EXERCISE DESCRIPTION: Only the lines below from the one that holds "지난해 3월 취역한 중국" through the one that holds "This lightweight casual" should appear in the answer, copied exactly, end lines included and pictures omitted.

DATASET RECORDS:
*** Begin section ***
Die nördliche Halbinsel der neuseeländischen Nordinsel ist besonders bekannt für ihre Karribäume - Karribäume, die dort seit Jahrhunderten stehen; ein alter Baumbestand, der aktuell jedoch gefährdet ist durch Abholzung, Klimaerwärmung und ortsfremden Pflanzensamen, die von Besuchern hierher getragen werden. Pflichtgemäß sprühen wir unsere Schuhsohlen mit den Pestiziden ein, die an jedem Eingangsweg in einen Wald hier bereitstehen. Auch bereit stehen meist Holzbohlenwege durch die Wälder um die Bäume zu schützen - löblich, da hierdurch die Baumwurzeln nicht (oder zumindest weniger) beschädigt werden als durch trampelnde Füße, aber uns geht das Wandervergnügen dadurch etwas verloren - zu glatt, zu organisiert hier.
*** End section ***
*** Begin section ***
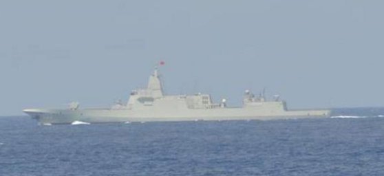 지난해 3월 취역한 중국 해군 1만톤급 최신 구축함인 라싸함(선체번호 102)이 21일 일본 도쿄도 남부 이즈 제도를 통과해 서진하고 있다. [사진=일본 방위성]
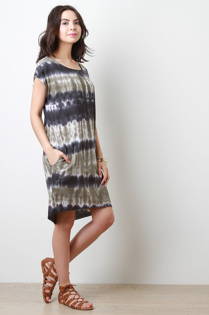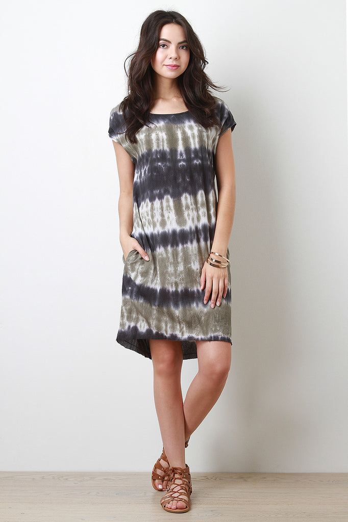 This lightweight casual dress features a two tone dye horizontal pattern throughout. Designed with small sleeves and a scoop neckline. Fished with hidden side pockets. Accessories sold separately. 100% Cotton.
*** End section ***
TASK ANSWER:
 지난해 3월 취역한 중국 해군 1만톤급 최신 구축함인 라싸함(선체번호 102)이 21일 일본 도쿄도 남부 이즈 제도를 통과해 서진하고 있다. [사진=일본 방위성]
 This lightweight casual dress features a two tone dye horizontal pattern throughout. Designed with small sleeves and a scoop neckline. Fished with hidden side pockets. Accessories sold separately. 100% Cotton.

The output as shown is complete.